6:05 am on Nov 15, 2018 (gmt 0)

Senior Member from US 

WebmasterWorld Senior Member lucy24 is a WebmasterWorld Top Contributor of All Time 5+ Year Member Top Contributors Of The Month

joined:Apr 9, 2011
posts:15374
votes: 725


Is a Google Favicon hit indicative of something?
I don't think anyone has worked out a comprehensive list of everything Google's faviconbot is for. An obvious one is GSC: stop by and it will collect the favicons for all your sites.

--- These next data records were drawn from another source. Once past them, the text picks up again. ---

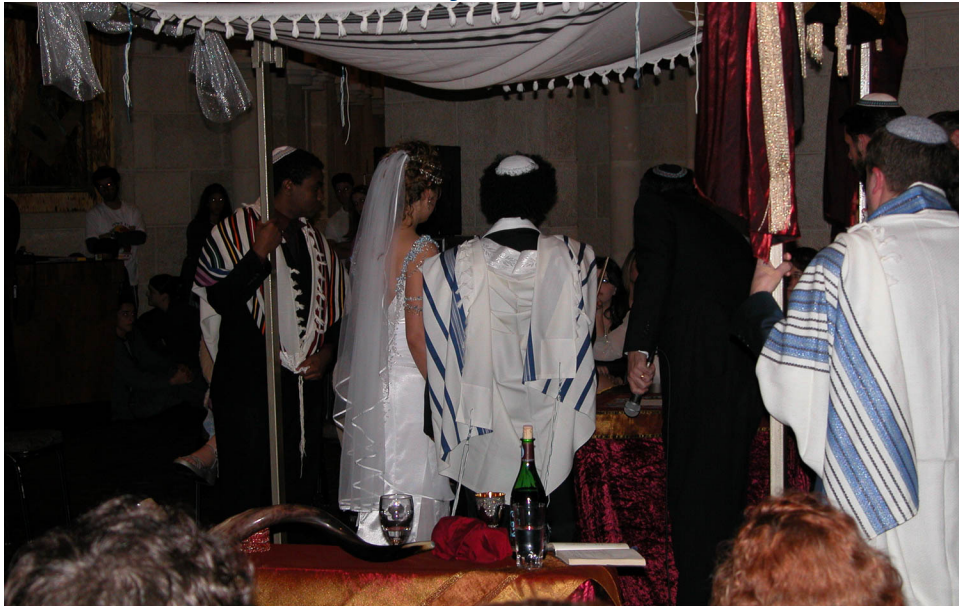
Bride and groom at a Jewish wedding in Jerusalem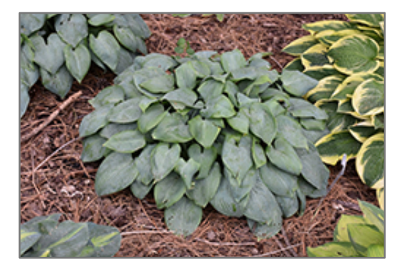
Fragrant Blue Hosta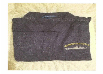
Embroidered Golf Shirts $20.00 each (2X & 3X add $2.00)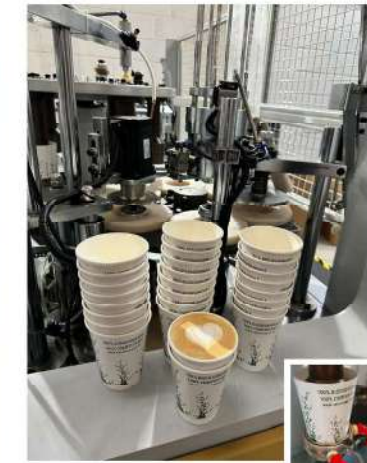
Our cup making machine :-)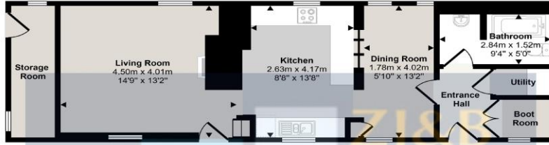
Ground Floor Approx 55 sq m / 587 sq ft

Approx Gross Internal Area 101 sq m / 1088 sq ft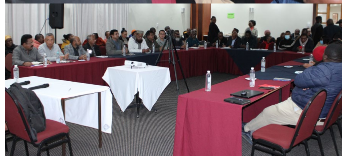
International migrants representatives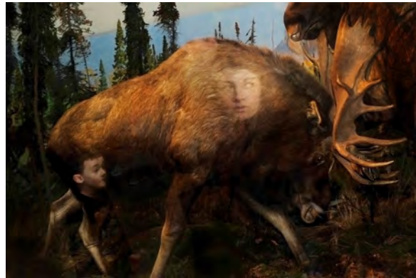
Moose , 2010, archival inkjet print, 16 x 20"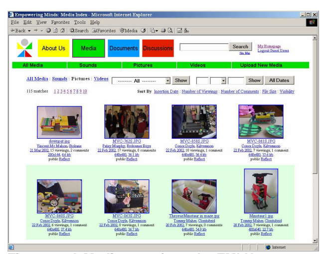
Figure 1. A Media page from the EMLN

Media file is any sound, picture, or video. It is widely observed that students are reluctant to disassemble the Lego creations they have committed much time to inventing. Creating and sharing one's handiwork through Media often helps to alleviate the distress of losing a favorite model. Figure 1 shows one of the pages in the Media section.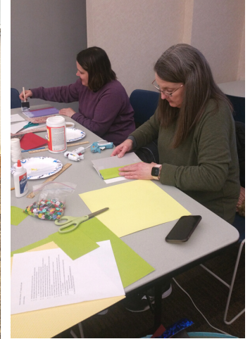
5th Tuesday craft night was a lot of fun!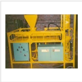
Portable Spraying Machine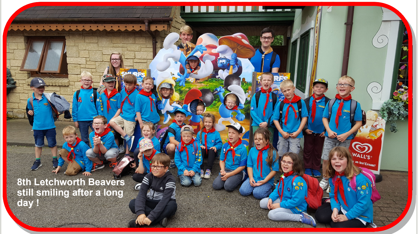
8th Letchworth Beavers still smiling after a long day !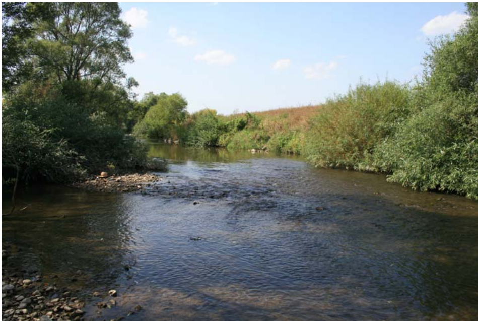
A Rima/Rimava Rimaszécs/Rimavská Seč mellett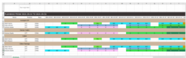
Excel file new layout

We have amended the layout of the excel file to which the Calendar is printed.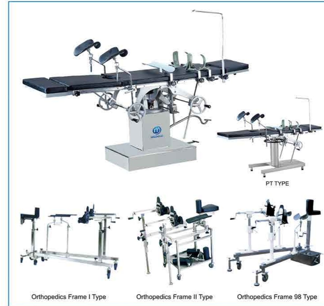
Table height: 800mm~1045mm Length and width: 2100mmx480mm Reversed Trendelenburg: 35° Trendelenburg: 20° Left inclining angle: 22° Right inclining angle: 22° Upward folding angle of back rest: 75° Downward folding angle of back rest: 22° Upward folding angle of head rest: 90° (Dismountable, extendable) Downward folding angle of head rest: 90° Downward folding angle of leg rest: 90° (Dismountable) Oil pump range: 240mm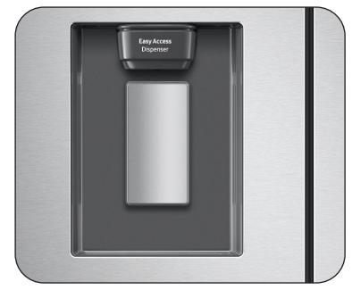
External Water Dispenser

Fingerprint Resistant Black Stainless Steel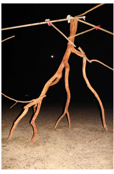
Figure 9c Part of Return to Chaos as seen at night, with moon, centre left (photo: John Steele).

The following morning, I was delighted to see installations and other artworks spread out all over a centrally located, approximately 1.5 square kilometre (Travis Lyle email of 20 July 2016) open space allocated to artworks, known as the playa . The work that immediately caught my full attention was Temple //Xam , which was being finished off by Kim Goodwin and the Dandylions (AfrikaBurn WTF? Guide 2016: 33). This team, from the Midlands in KwaZulu-Natal, created a welcoming and quite interactive installation featuring woven wattle arches in various configurations. A semi-enclosed raised observation platform was accessible by means of four separate stairways that widened as one climbed upwards. These stairways were oriented to the four cardinal directions, and embraced a small womb-like crawl-into space under the platform, that could be accessed from ground level. Temple //Xam , composed of carefully controlled yet freely flowing curvaceous contours, became an installation favoured by some as a space for reflection and meditation, as well as impromptu musical and other performances.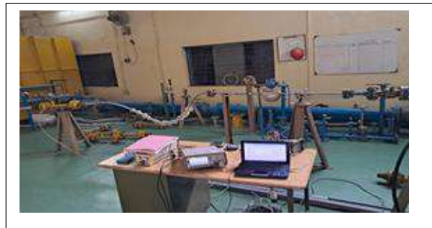
Calibration of Mass Flow Meters at HPATF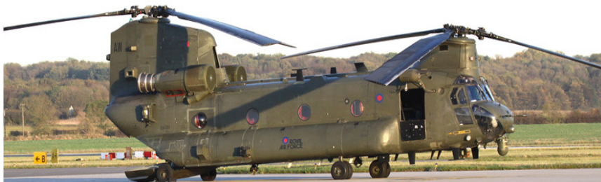
Chinook ZA720/AW dropped into Humberside for fuel on 28/10(Richard Grimley)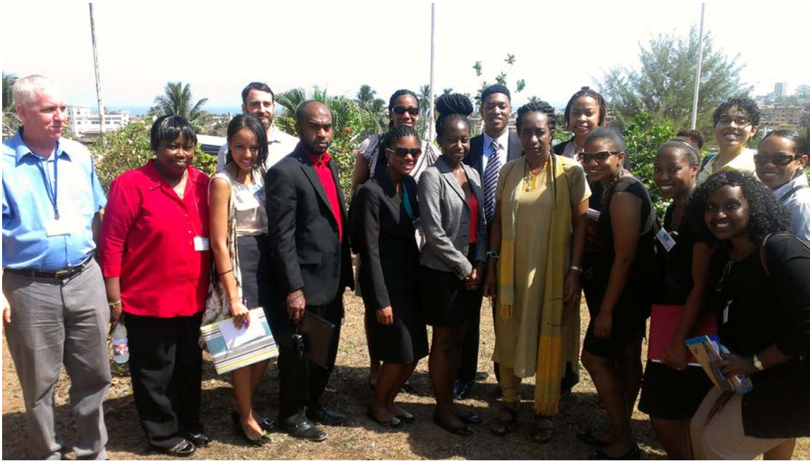
The Registrar and other Court officials with members of Harvard Black Law Students Association. For more photos, see today's 'Special Court Supplement'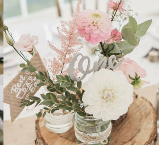
Wooden Table Slices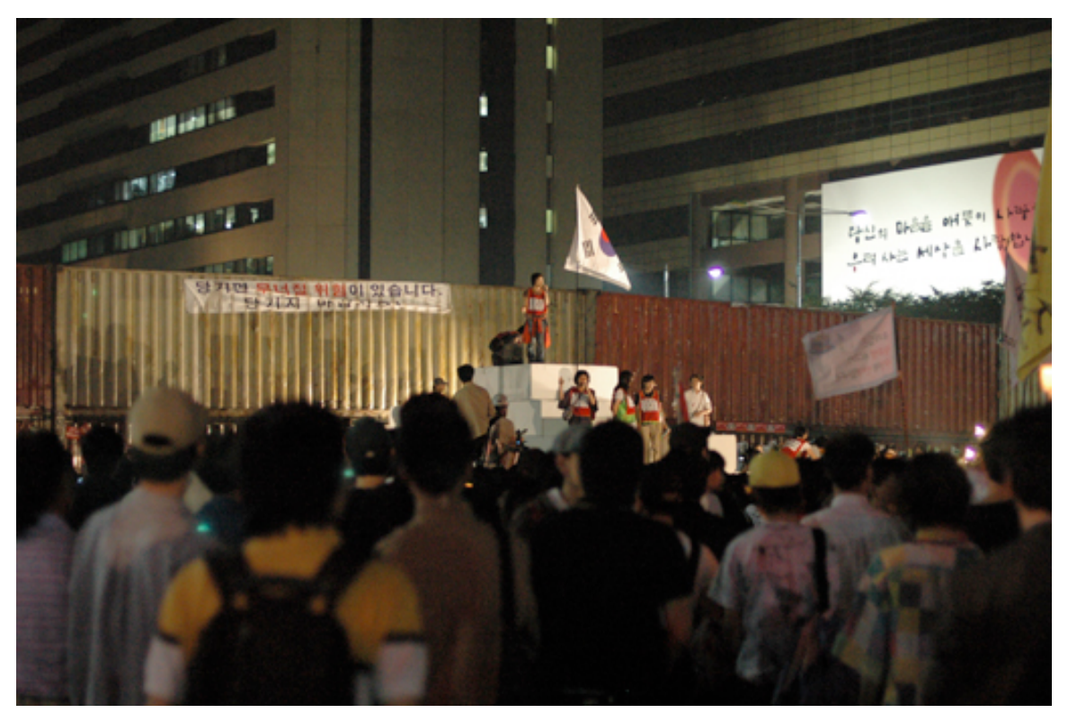
Figure 8. The Citizen's Fortress.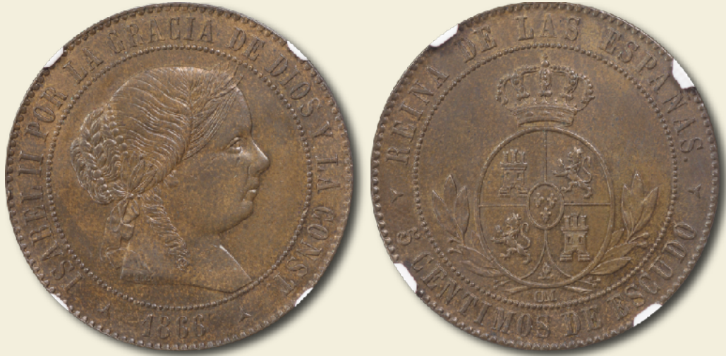
Spain 1866 5 céntimos de escudo Segovia mint NGC MS64BN - ex Lissner AE (bronze) 32mm 12h Edge: plain Type: Ringlet Head Right O'Connor p.148 5CE-1868B-OM

Isabel II 5 céntimos were struck from 1865 through 1868 of one type and two major varieties. The first variety without the initials "OM" on the reverse beneath the oval and the second variety with the "OM" mark. Both varieties were struck by Oeschger Mesdach & Co., but early issues lacked the "OM" marking.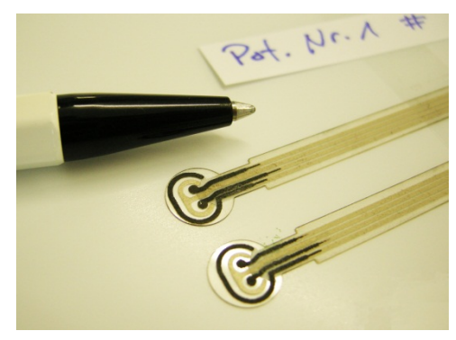
Figure 2: Screen-printed dual electrode sensors for multiple parameter monitoring

Since the market launch, users of the CITSens Bio system expressed a strong demand for a multi-parameter system. To respond to this need, combined sensors for glutamate/lactate and pH/ammonium are being developed (Figure 2). All-solid-state pH sensors are being developed and characterized in both calibration solutions and in cell culture. The sensors functional lifetime in cell culture conditions (T=37°C, 100% humidity, 5% CO<sub>2</sub>) has been verified for up to 2 weeks.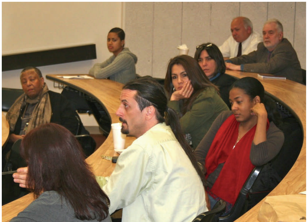
York faculty and students in discussion at the Provost Lecture on Math Education.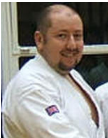
Senior Advisor to the Zanshin Karate Club, Burgess Hill, Sussex.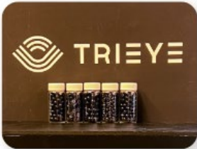
● Visible Camera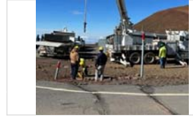
HELCO taking measurements and prepping site.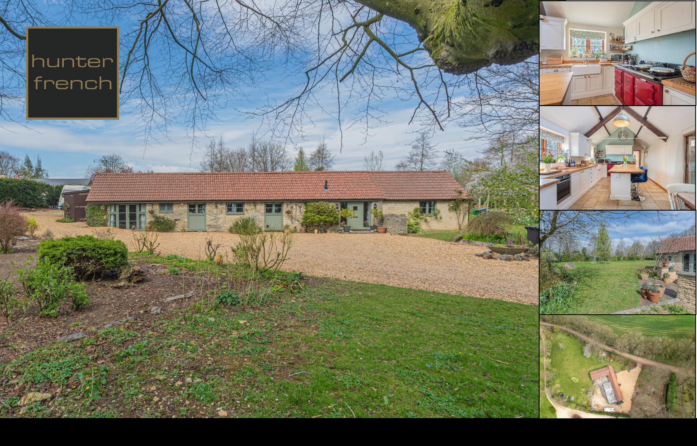
The Stables, Highfield Lane, Horton, South Gloucestershire, BS37 6QU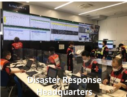
Disaster Response Headquarters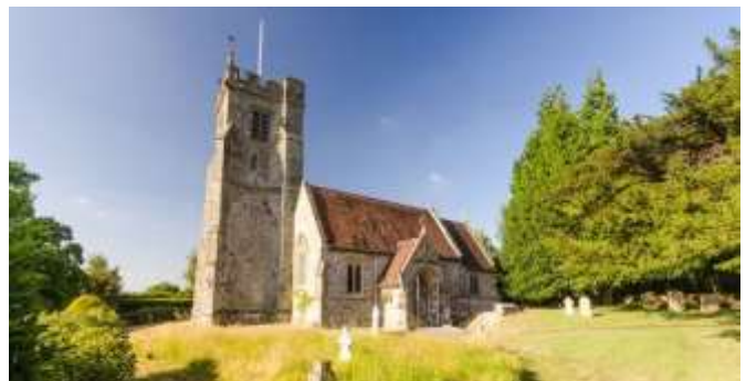
The Parish Church of St Nicholas Childe Okeford

4. For why! the Lord our God is good; his mercy is forever sure; his truth at all times firmly stood, and shall from age to age endure.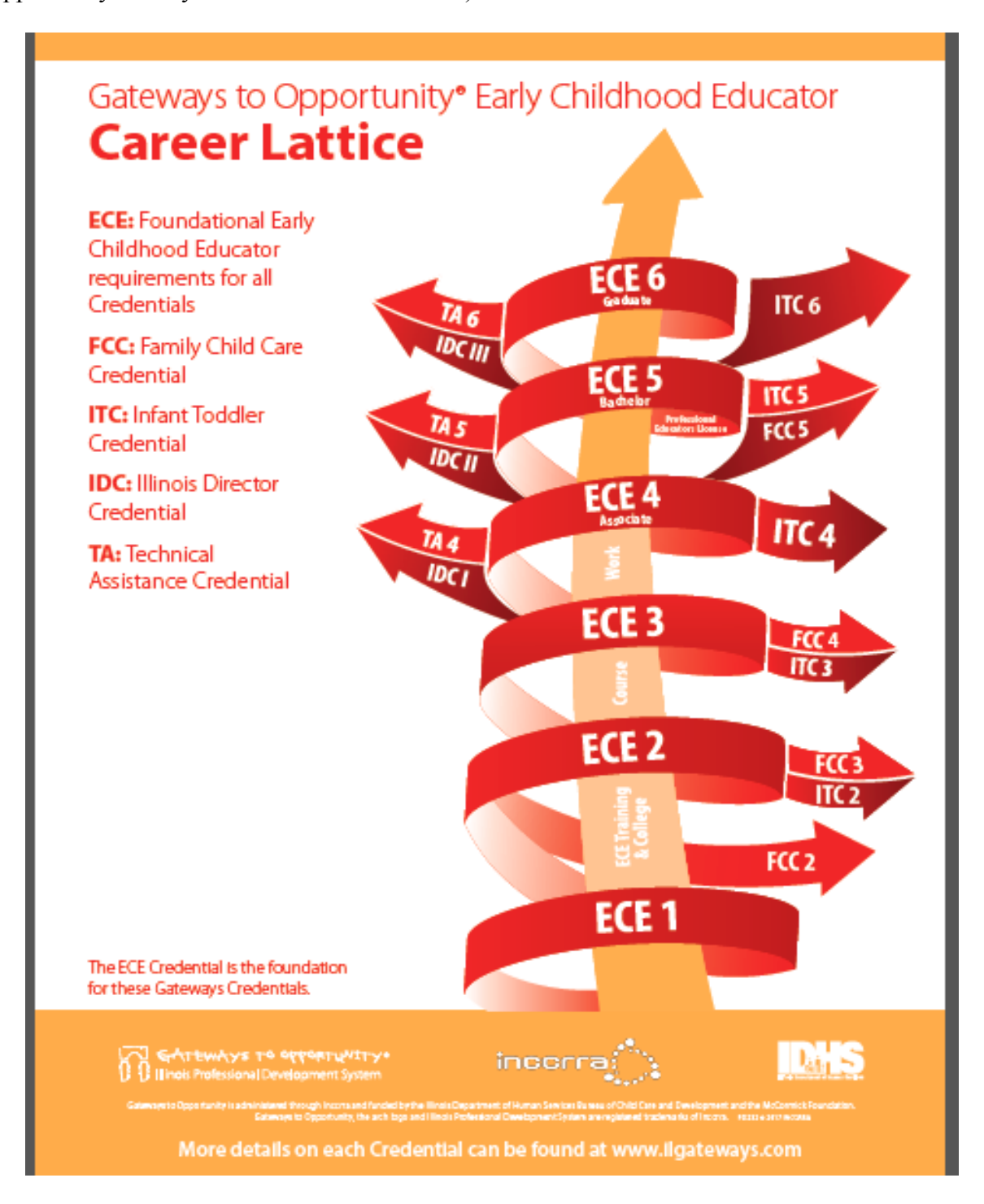
Figure 1. Gateways to Opportunity® Early Childhood Educator Career Lattice

across the state, as well as promote ongoing educational attainment. (See Figure 1: Gateways to Opportunity® Early Childhood Career Lattice).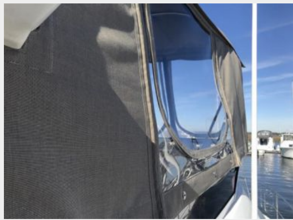
new canvas and isinglass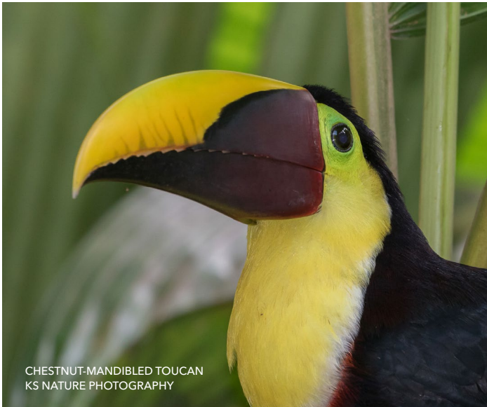
CHESTNUT-MANDIBLED TOUCAN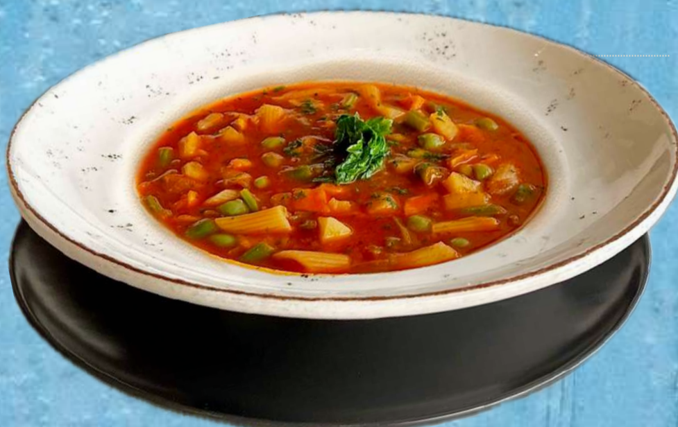
MINISTRONE SOUP N12,600 An Italian-style soup including tomato, potato, peas, onion, celery, green beans and penne pasta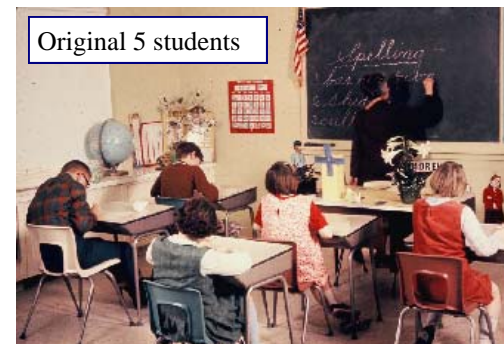
Original 5 students

It all began on September 15, 1969 with five children. The first classes met at Second Reformed Church.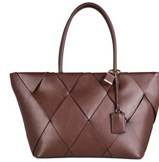
Dark Chocolate Woven Shopper Bag £22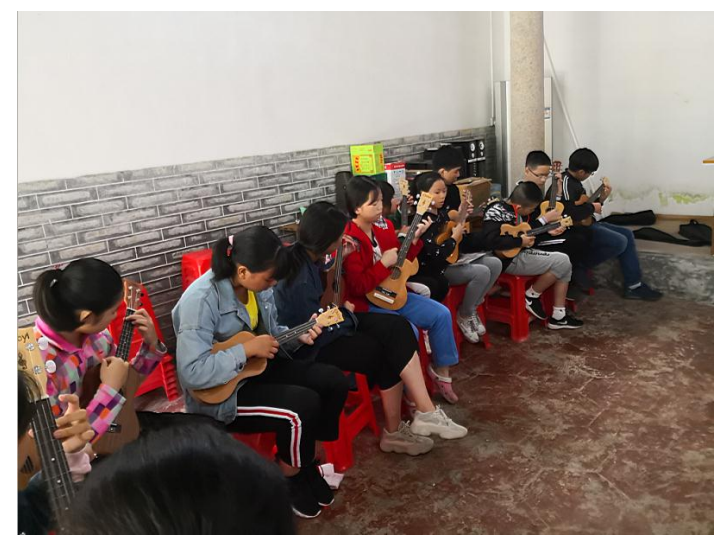
Some students learning to play the Ukulele

p.s. I forgot to download this year's photographs onto my USB. They are still in my computer at LSSC Changjiao. I will upload them onto <a href="www.lasallechina.com">www.lasallechina.com</a> when I get back to LSSC in the middle of January 2019.

If you list websites in your G+ profile, those also trigger favicon requests whenever someone views your profile.

The one that I've yet to figure out is when the faviconbot visits my test site, which isn't indexed and of course doesn't have a GSC account because why would it. It isn't common, compared to “real” sites, but why is it happening at all? (Quick detour to raw logs reveals that they just started doing it in late September, and every single request comes in at HTTP, redirected to HTTPS, meaning that the front page is requested twice, the favicon only once. On average, every 2-3 days. Hmmm.)

Up until a few years ago, google's faviconbot sent no UA at all; you could only identify it by IP and behavior. And then, yup, FF/6. The current incarnation is at least something plausible.